Start of Material for this exercise

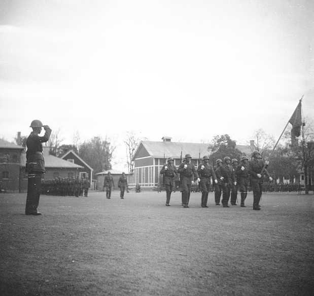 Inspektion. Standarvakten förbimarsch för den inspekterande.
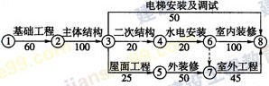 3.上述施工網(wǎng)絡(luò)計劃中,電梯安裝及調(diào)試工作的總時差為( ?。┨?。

End of Material for this exercise
Start of Material for this exercise

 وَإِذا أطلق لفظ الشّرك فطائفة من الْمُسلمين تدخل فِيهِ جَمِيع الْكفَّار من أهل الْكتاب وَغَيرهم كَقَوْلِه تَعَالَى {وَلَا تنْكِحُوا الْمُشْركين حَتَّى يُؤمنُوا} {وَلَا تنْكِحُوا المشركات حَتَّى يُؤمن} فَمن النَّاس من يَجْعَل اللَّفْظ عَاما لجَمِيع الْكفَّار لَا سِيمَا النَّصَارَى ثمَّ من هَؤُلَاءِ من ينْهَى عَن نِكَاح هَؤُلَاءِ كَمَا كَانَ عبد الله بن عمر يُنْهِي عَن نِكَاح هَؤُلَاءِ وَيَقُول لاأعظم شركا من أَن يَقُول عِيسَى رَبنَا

End of Material for this exercise

## What the task requires
All that is wanted is the lines above between the one containing "Inspektion. Standarvakten förbimarsch" and the one containing "3.上述施工網(wǎng)絡", inclusive, restated word for word, with pictures omitted.

## Task solution
 Inspektion. Standarvakten förbimarsch för den inspekterande.
 3.上述施工網(wǎng)絡(luò)計劃中,電梯安裝及調(diào)試工作的總時差為( ?。┨?。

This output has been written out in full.